» **TASK DIRECTIONS**
What is needed is an exact copy of the data below, pictures excluded.

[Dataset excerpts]
——

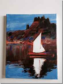 Annie Holmes from San Diego sent this. She says that if she can't play in sailboats anymore she can at least paint them. That sounds like me, I'm getting so I'm not nearly as agile in small sailboats as I once was. I can't paint so what'll I do. That's why I decided to sell my Core Sound 17 to a good home. I gave it away for the same thing I paid Dr Jose and I interviewed the prospective buyers to make sure they'd love and use it. It went to a wild couple who'll sail the hell out of it. The better half of the couple is a doctor; I can see her heeling it way over and yelling at the wind just like you use to do Jose.
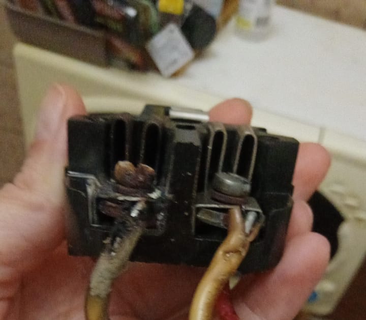Ну вот у Вас слева контакт хреновый, поэтому и начал подгорать и пахнуть.
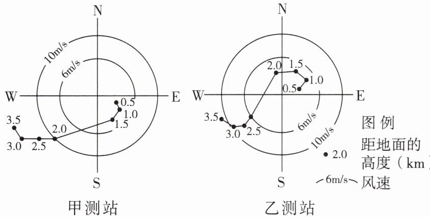 位于锋面上下的风向往往存在明显差异。如图所示为我国东部地区两测站位于冷、暖锋面下方时,自下而上垂直方向不同高度测得的风向、风速变化图。据此完成第16、17题。
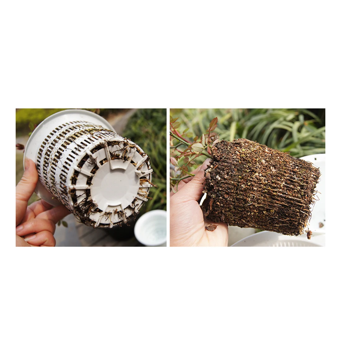 2 шт сетчатый горшок вентиляция цветочный горшок контроль корня контейнер плантатор с лотком-белый/кофе
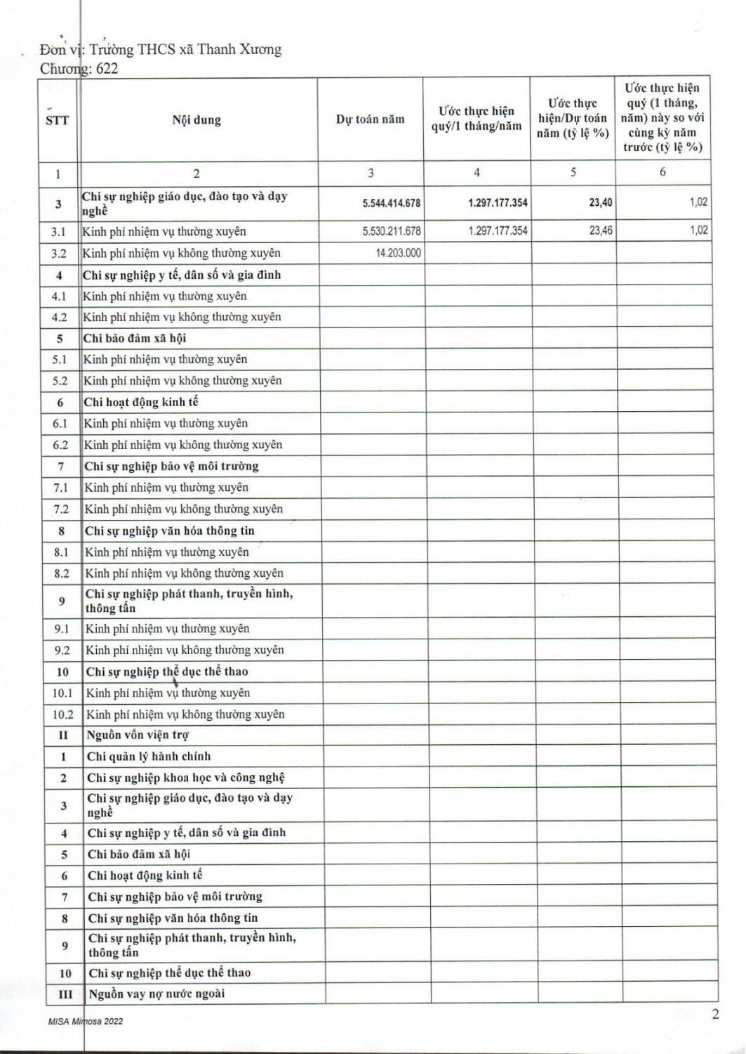 CÔNG KHAI THỰC HIỆN DỰ TOÁN THU CHI NGÂN SÁCH QUỸ I 2022
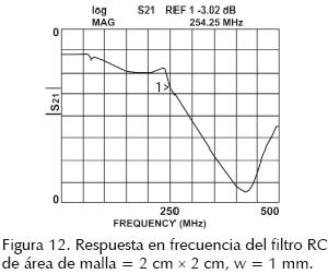 Como puede observarse en la gráfica de la figura 6, existe un corrimiento en la frecuencia de corte medida con respecto a la calculada (372.9MHz) (Uribe et al., 2006), así como efectos resonantes debidos al intercambio de energía de un inductor con un capacitor como se muestra en la figura 7.
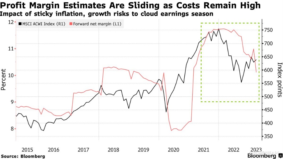 尽管通胀已开始从历史高点降温,但随着企业与仍然高企的劳动力和原材料成本作斗争,全球利润率预期已大幅下降。在美国,分析师预计标普500指数第一季度的盈利将比前三个月出现更大跌幅。全年预期也有所缓和,但市场策略师警告称,企业盈利还有进一步下跌的空间,可能会在未来几个月拖累股市走低。
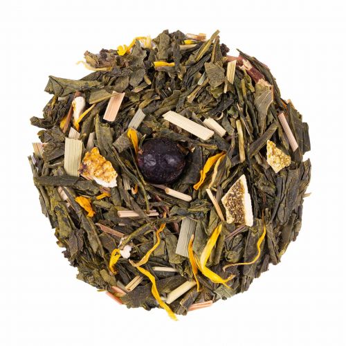 Ingrédients: Thé vert China Sencha, tulsi, écorces de citron, morceaux de mangue, badiane, cassis.
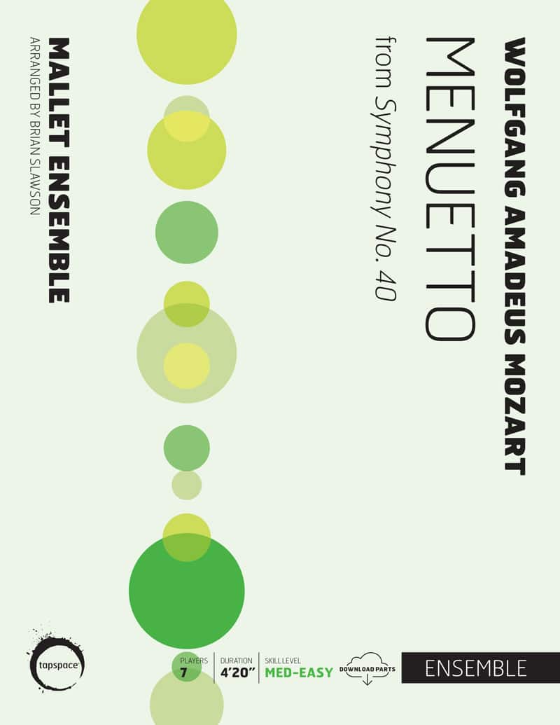 Having grown tired of fulfilling the musical whims of others, Mozart’s late works, including his stunningly emotional Requiem, fostered a new age of self-expression in music. Completed on July 25, 1788, the 40th Symphony is considered by many to be his symphonic masterpiece. Arranged for mallet septet, Brian Slawson‘s arrangement is a great way for percussion ensembles to bring some of Mozart’s mastery to life in a new way.
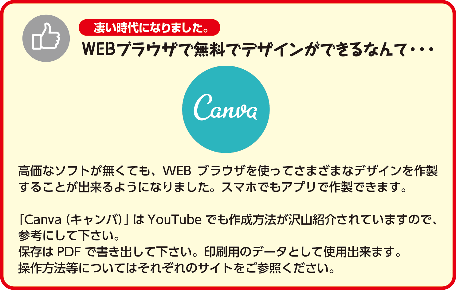 「Canva(キャンバ)」はYouTubeでも作成方法が沢山紹介されていますので、参考にして下さい。
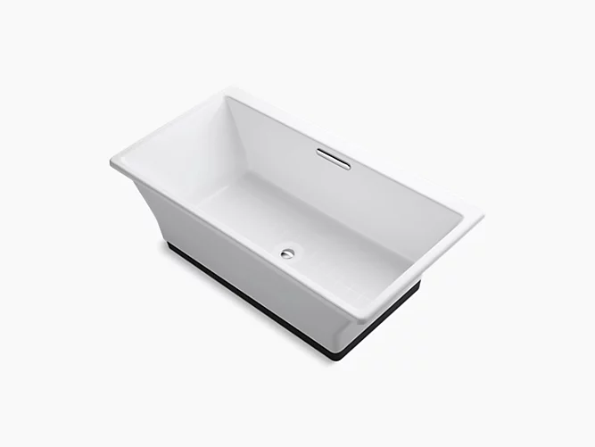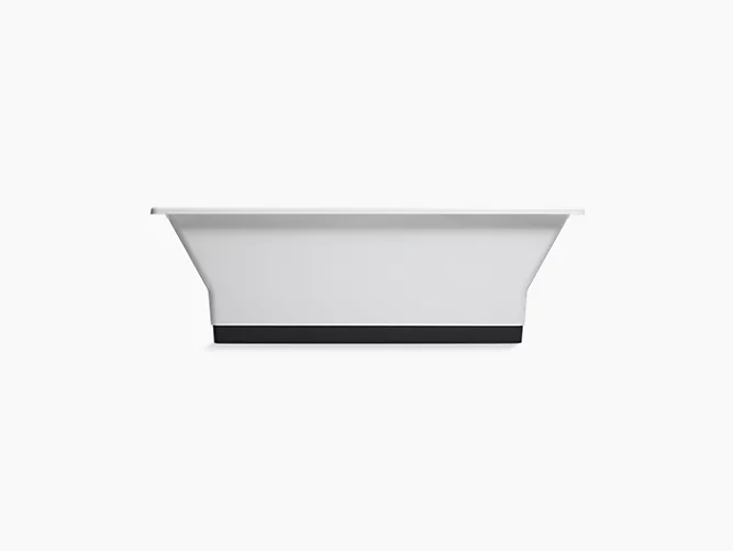 The Rêve freestanding bath adds a striking focus to your bathroom and doubles as a bold, sculptural work of art. A generous bathing well, dual lumbar support, and slotted overflow accommodate a deep, relaxing soak. The exterior ground coat surface is minimally enhanced and painted to capture as much of the raw elements of the cast iron material.This modern cast iron bath contrasts beautifully with its wood composite base, which is painted a dark ash wood finish.
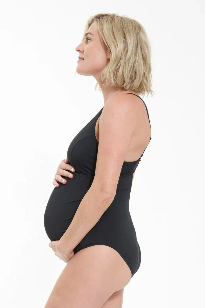 The Ultimate One Piece is made from chlorine resistant polyester for regular pool use. With adjustable straps and optional cross over at back, this one piece will take you through all the stages of pregnancy. Also features gathers at the tummy and removable bra cups.
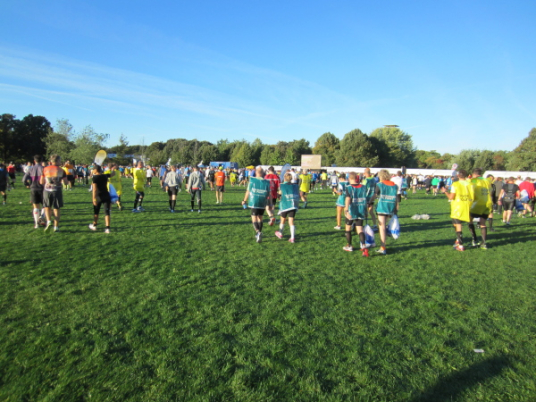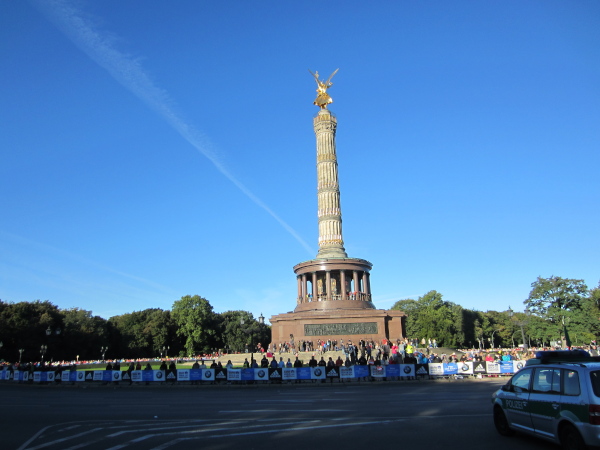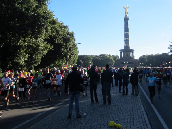 Es geht los. Letztes Jahr war mir so kalt, dass ich einen Pulli vom Boden aufhob und ihn bis Kilometer 5 anhatte. Viele der weggeworfenen Sachen sind noch tragbar. Beim New York City Marathon werden abgelegte Sportkleidungsstücke für soziale Zwecke gesammelt, bei uns landen sie häufig in der Altkleiderverwertung, die daraus Flickenteppiche u.a. erzeugt. Die Canon IXUS im Anschlag, einen zweiten vollgeladenen Akku in der kleinen Bauchtasche, so laufe ich anfangs wie alle etwas zu schnell die Straße des 17. Juni entlang nach Westen in Richtung Siegessäule, die man ja kilometerweit erkennen kann. Ich habe nicht den Eindruck, dass mich die Läufer – erst recht nicht die ausländischen aus 191 Nationen, wie der Platzversprecher verkündet – aufgrund des orangen Shirts als M4Y-„Reporter“ erkennen. Es kann ja auch sein, dass mir jemand so ein Leibchen geschenkt hat und ich es einfach so trage.
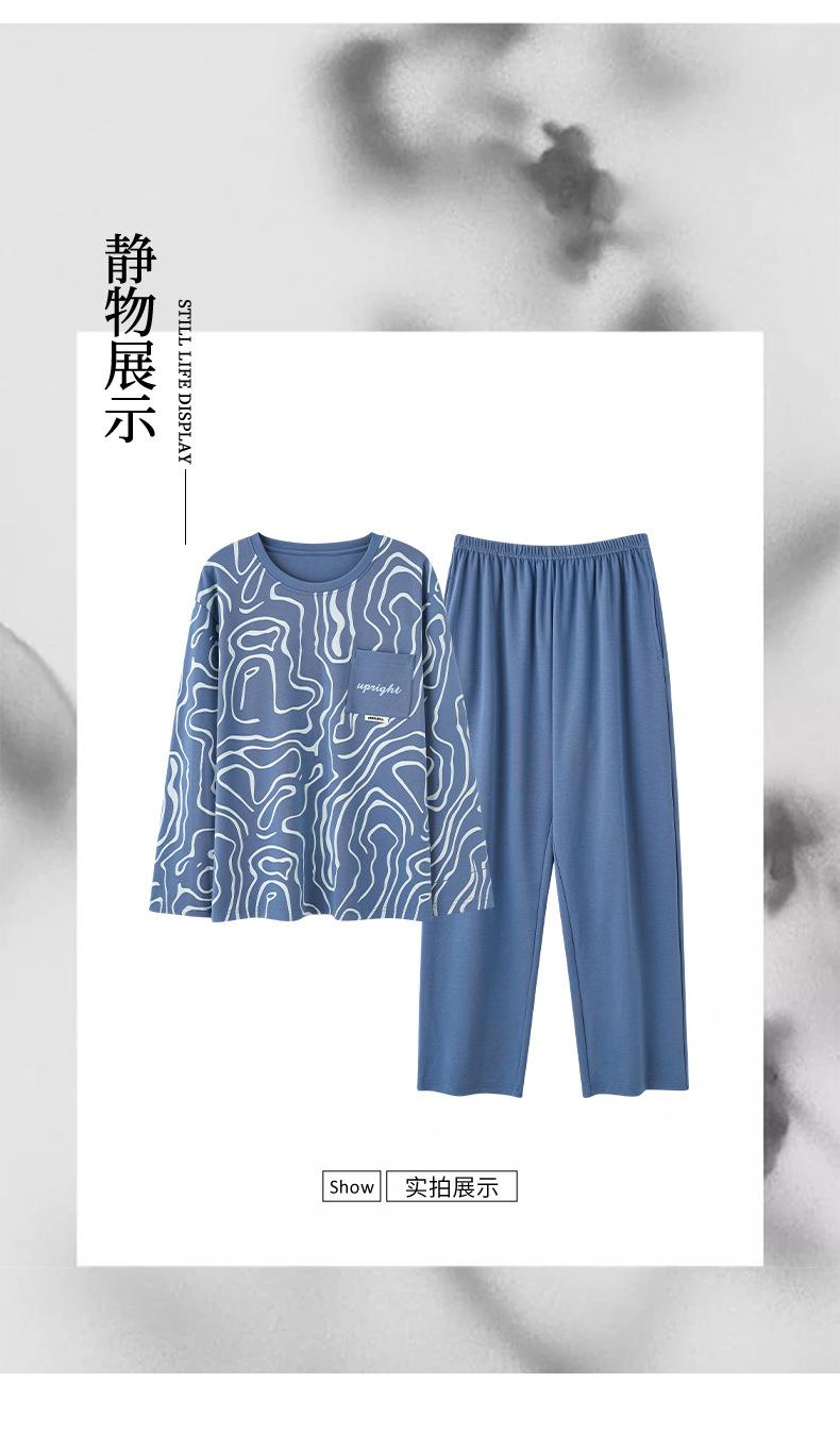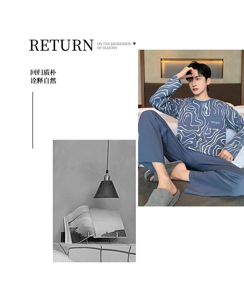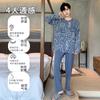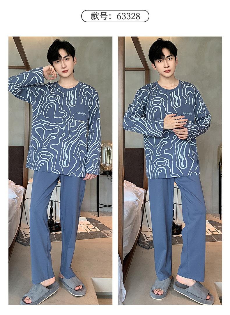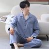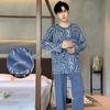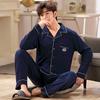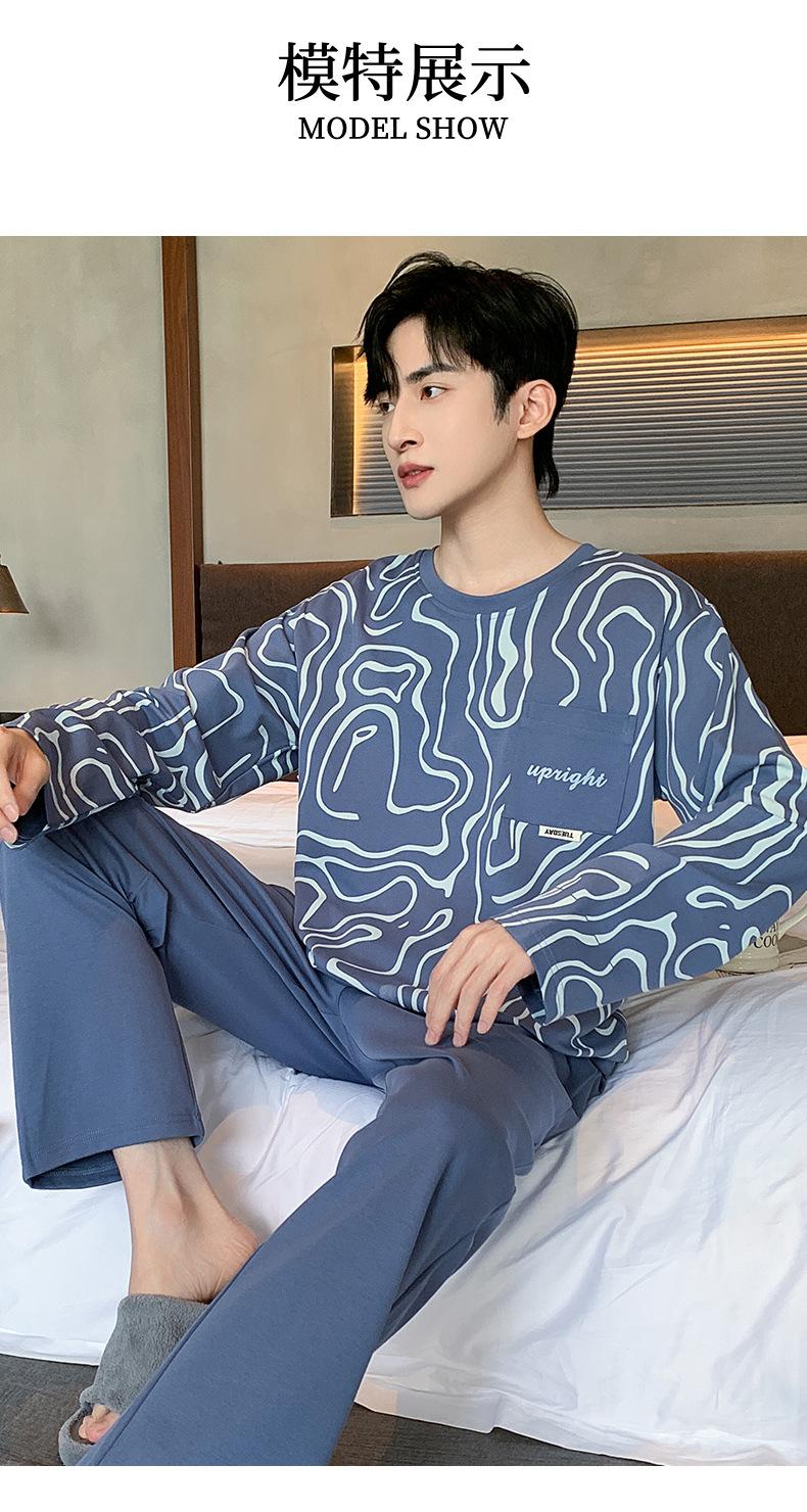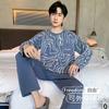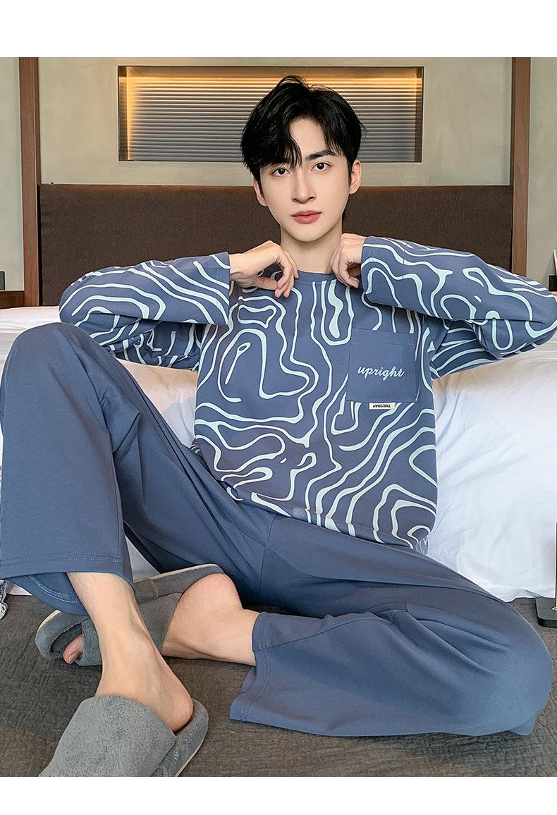 [Algodón puro] Pijamas para hombre, primavera, otoño e invierno, manga larga, ropa de abrigo, ropa de casa de talla grande de alta gama, traje de dos piezas con cuello redondo

——

» **SOLUTION BELOW**
 Annie Holmes from San Diego sent this. She says that if she can't play in sailboats anymore she can at least paint them. That sounds like me, I'm getting so I'm not nearly as agile in small sailboats as I once was. I can't paint so what'll I do. That's why I decided to sell my Core Sound 17 to a good home. I gave it away for the same thing I paid Dr Jose and I interviewed the prospective buyers to make sure they'd love and use it. It went to a wild couple who'll sail the hell out of it. The better half of the couple is a doctor; I can see her heeling it way over and yelling at the wind just like you use to do Jose.
Ну вот у Вас слева контакт хреновый, поэтому и начал подгорать и пахнуть.
 位于锋面上下的风向往往存在明显差异。如图所示为我国东部地区两测站位于冷、暖锋面下方时,自下而上垂直方向不同高度测得的风向、风速变化图。据此完成第16、17题。
 2 шт сетчатый горшок вентиляция цветочный горшок контроль корня контейнер плантатор с лотком-белый/кофе
 CÔNG KHAI THỰC HIỆN DỰ TOÁN THU CHI NGÂN SÁCH QUỸ I 2022
 Como puede observarse en la gráfica de la figura 6, existe un corrimiento en la frecuencia de corte medida con respecto a la calculada (372.9MHz) (Uribe et al., 2006), así como efectos resonantes debidos al intercambio de energía de un inductor con un capacitor como se muestra en la figura 7.
 尽管通胀已开始从历史高点降温,但随着企业与仍然高企的劳动力和原材料成本作斗争,全球利润率预期已大幅下降。在美国,分析师预计标普500指数第一季度的盈利将比前三个月出现更大跌幅。全年预期也有所缓和,但市场策略师警告称,企业盈利还有进一步下跌的空间,可能会在未来几个月拖累股市走低。
 Ingrédients: Thé vert China Sencha, tulsi, écorces de citron, morceaux de mangue, badiane, cassis.
 Having grown tired of fulfilling the musical whims of others, Mozart’s late works, including his stunningly emotional Requiem, fostered a new age of self-expression in music. Completed on July 25, 1788, the 40th Symphony is considered by many to be his symphonic masterpiece. Arranged for mallet septet, Brian Slawson‘s arrangement is a great way for percussion ensembles to bring some of Mozart’s mastery to life in a new way.
 「Canva(キャンバ)」はYouTubeでも作成方法が沢山紹介されていますので、参考にして下さい。
 The Rêve freestanding bath adds a striking focus to your bathroom and doubles as a bold, sculptural work of art. A generous bathing well, dual lumbar support, and slotted overflow accommodate a deep, relaxing soak. The exterior ground coat surface is minimally enhanced and painted to capture as much of the raw elements of the cast iron material.This modern cast iron bath contrasts beautifully with its wood composite base, which is painted a dark ash wood finish.
 The Ultimate One Piece is made from chlorine resistant polyester for regular pool use. With adjustable straps and optional cross over at back, this one piece will take you through all the stages of pregnancy. Also features gathers at the tummy and removable bra cups.
 Es geht los. Letztes Jahr war mir so kalt, dass ich einen Pulli vom Boden aufhob und ihn bis Kilometer 5 anhatte. Viele der weggeworfenen Sachen sind noch tragbar. Beim New York City Marathon werden abgelegte Sportkleidungsstücke für soziale Zwecke gesammelt, bei uns landen sie häufig in der Altkleiderverwertung, die daraus Flickenteppiche u.a. erzeugt. Die Canon IXUS im Anschlag, einen zweiten vollgeladenen Akku in der kleinen Bauchtasche, so laufe ich anfangs wie alle etwas zu schnell die Straße des 17. Juni entlang nach Westen in Richtung Siegessäule, die man ja kilometerweit erkennen kann. Ich habe nicht den Eindruck, dass mich die Läufer – erst recht nicht die ausländischen aus 191 Nationen, wie der Platzversprecher verkündet – aufgrund des orangen Shirts als M4Y-„Reporter“ erkennen. Es kann ja auch sein, dass mir jemand so ein Leibchen geschenkt hat und ich es einfach so trage.
 [Algodón puro] Pijamas para hombre, primavera, otoño e invierno, manga larga, ropa de abrigo, ropa de casa de talla grande de alta gama, traje de dos piezas con cuello redondo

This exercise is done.